> YOUR TASK
Exactly the lines below, starting with the one containing "Barová skrinka s" and going on through the one containing "2、培育【向日葵】,消耗【8", must be reproduced, both ends included, and no pictures with them.

> SUPPLIED DATA
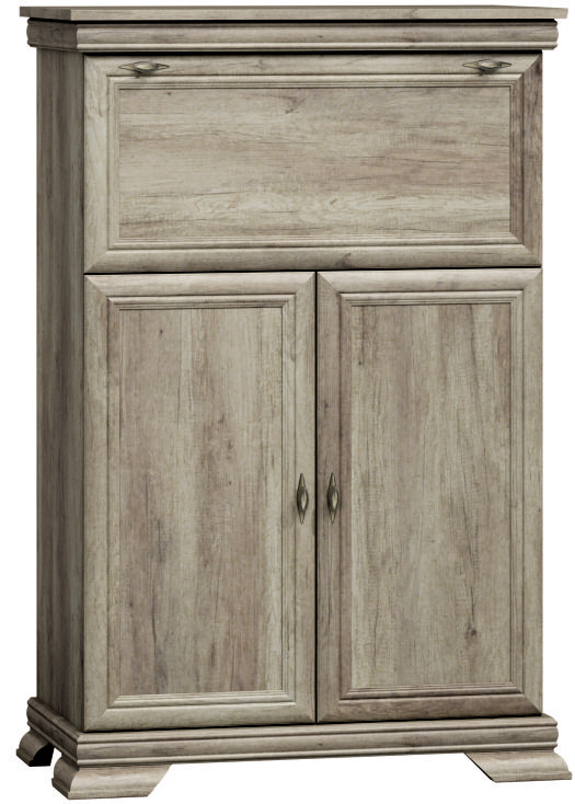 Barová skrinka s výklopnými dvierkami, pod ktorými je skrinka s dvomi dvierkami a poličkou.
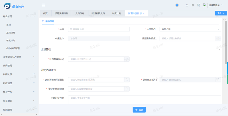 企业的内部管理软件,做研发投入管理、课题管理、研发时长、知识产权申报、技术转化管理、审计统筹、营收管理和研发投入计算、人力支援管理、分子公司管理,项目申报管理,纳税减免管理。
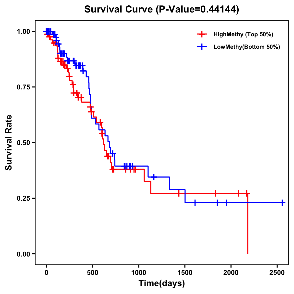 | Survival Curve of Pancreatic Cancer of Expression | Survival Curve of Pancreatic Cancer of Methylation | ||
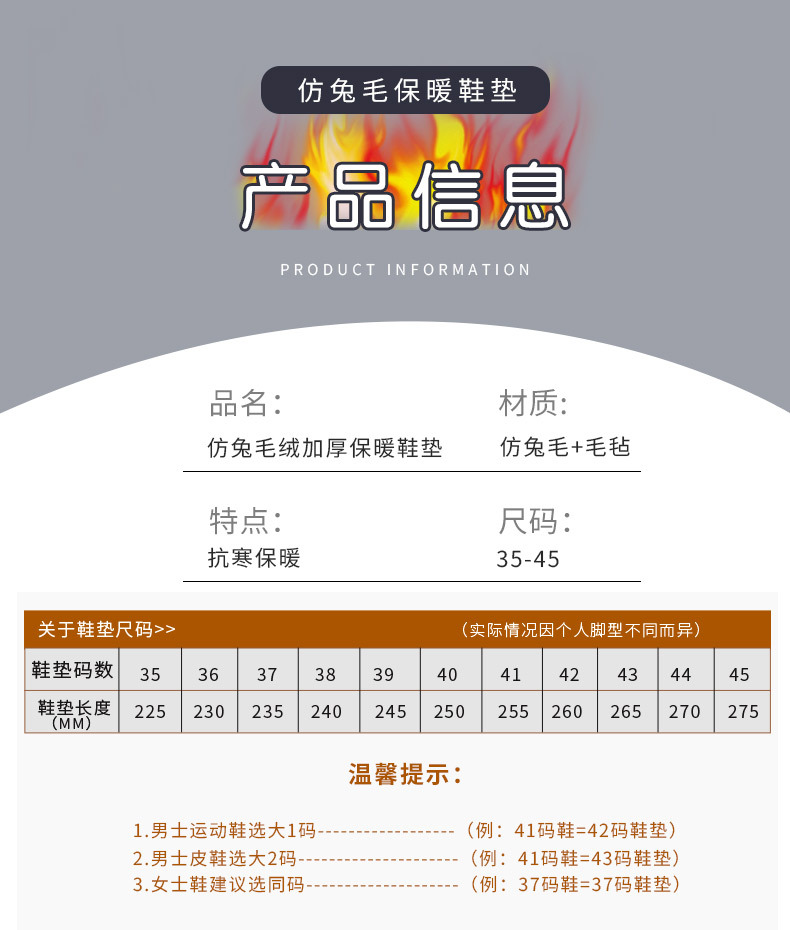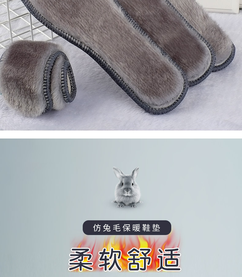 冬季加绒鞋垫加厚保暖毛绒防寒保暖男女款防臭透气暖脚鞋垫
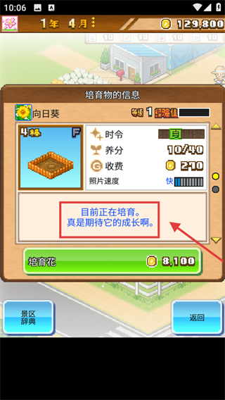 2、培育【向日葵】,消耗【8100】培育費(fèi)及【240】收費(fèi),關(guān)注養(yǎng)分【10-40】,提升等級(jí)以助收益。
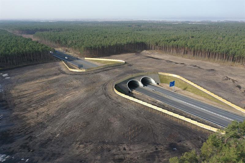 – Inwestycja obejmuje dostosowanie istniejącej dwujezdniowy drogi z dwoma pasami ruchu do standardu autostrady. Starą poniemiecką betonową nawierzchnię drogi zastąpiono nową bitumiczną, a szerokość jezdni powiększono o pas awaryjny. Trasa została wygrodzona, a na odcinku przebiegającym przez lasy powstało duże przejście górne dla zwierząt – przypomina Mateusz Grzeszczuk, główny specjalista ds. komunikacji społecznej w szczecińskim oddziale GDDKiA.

...

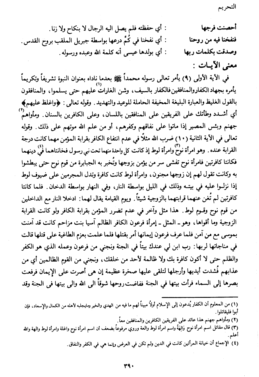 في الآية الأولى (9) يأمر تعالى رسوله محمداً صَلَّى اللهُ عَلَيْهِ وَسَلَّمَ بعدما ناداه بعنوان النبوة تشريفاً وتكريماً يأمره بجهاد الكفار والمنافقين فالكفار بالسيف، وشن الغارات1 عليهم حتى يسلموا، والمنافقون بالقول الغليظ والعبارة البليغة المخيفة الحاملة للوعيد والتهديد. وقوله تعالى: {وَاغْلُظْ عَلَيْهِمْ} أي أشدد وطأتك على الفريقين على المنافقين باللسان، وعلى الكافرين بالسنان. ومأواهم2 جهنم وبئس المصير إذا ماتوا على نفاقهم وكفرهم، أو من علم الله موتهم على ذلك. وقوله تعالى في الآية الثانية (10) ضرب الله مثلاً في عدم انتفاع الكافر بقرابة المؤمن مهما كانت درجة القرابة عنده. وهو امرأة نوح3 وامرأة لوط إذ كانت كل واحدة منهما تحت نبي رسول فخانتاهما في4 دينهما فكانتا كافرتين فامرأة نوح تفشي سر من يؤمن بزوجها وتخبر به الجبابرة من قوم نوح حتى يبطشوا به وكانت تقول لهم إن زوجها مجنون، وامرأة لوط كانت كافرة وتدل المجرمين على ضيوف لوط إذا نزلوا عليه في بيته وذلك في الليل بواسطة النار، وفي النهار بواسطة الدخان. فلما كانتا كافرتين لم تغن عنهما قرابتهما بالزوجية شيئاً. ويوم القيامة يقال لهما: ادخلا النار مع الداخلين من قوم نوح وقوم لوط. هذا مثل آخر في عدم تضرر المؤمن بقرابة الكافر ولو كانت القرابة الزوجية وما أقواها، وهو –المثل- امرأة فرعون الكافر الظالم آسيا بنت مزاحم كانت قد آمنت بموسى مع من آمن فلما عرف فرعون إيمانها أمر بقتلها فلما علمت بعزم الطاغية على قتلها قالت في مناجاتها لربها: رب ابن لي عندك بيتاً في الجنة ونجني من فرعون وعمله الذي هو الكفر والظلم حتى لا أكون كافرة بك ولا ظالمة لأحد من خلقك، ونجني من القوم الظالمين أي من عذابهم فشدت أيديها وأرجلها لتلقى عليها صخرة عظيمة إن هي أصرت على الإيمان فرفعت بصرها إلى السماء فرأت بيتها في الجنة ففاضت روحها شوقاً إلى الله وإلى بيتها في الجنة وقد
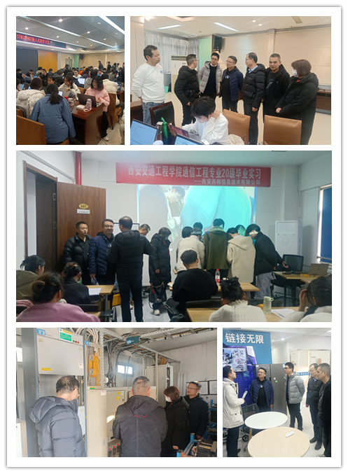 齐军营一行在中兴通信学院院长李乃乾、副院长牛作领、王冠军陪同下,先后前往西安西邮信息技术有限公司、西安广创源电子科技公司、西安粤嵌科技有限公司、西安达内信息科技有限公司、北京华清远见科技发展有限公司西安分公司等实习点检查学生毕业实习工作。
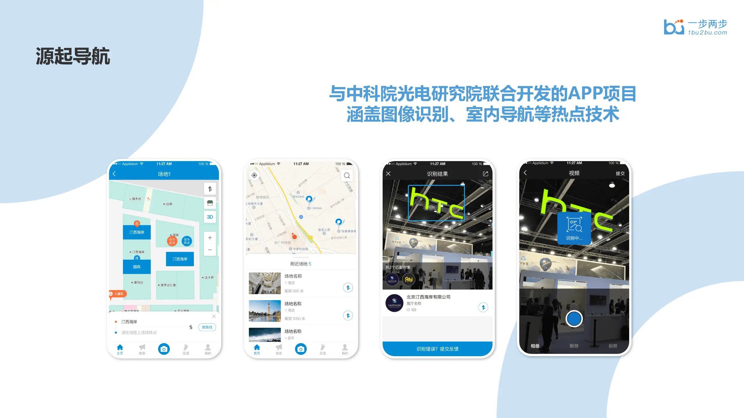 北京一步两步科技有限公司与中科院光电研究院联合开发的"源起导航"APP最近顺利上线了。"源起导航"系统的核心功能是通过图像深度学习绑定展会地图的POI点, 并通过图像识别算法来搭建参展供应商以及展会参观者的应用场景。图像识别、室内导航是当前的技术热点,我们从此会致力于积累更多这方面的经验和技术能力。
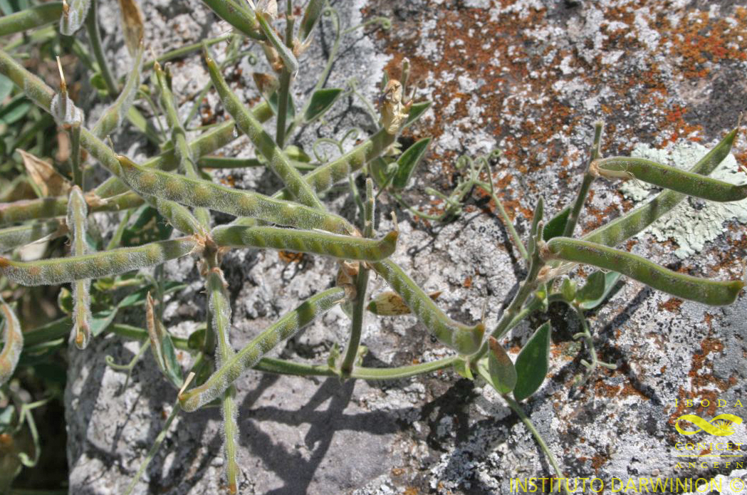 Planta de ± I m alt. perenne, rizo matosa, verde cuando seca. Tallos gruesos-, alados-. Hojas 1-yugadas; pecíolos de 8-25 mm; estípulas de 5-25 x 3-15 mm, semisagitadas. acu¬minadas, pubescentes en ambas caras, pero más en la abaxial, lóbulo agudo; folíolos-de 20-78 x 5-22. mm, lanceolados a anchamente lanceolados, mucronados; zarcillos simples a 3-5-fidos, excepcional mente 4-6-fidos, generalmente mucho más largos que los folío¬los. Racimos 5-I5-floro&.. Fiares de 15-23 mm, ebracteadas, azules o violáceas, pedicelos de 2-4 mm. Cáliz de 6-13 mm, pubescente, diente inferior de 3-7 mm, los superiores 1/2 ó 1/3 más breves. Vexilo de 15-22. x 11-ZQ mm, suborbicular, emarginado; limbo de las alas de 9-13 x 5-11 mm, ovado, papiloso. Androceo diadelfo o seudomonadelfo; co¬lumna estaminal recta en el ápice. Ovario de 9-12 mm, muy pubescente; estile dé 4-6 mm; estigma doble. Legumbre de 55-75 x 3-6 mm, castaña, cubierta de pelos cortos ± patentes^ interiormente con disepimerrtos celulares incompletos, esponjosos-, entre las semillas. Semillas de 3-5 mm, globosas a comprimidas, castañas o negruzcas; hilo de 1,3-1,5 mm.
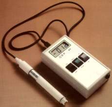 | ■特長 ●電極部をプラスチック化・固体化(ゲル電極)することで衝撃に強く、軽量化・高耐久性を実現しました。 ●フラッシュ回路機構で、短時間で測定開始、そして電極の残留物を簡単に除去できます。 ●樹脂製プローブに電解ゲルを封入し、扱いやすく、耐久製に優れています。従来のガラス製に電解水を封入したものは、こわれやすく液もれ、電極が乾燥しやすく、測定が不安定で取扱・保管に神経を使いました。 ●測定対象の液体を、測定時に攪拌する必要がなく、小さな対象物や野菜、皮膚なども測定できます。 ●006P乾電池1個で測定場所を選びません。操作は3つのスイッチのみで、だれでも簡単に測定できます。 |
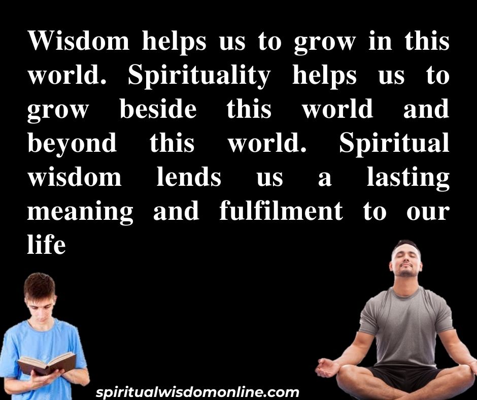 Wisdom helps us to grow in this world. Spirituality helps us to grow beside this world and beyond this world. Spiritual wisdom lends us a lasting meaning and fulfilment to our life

> THE ANSWER
 Barová skrinka s výklopnými dvierkami, pod ktorými je skrinka s dvomi dvierkami a poličkou.
 企业的内部管理软件,做研发投入管理、课题管理、研发时长、知识产权申报、技术转化管理、审计统筹、营收管理和研发投入计算、人力支援管理、分子公司管理,项目申报管理,纳税减免管理。
 | Survival Curve of Pancreatic Cancer of Expression | Survival Curve of Pancreatic Cancer of Methylation | ||
 冬季加绒鞋垫加厚保暖毛绒防寒保暖男女款防臭透气暖脚鞋垫
 2、培育【向日葵】,消耗【8100】培育費(fèi)及【240】收費(fèi),關(guān)注養(yǎng)分【10-40】,提升等級(jí)以助收益。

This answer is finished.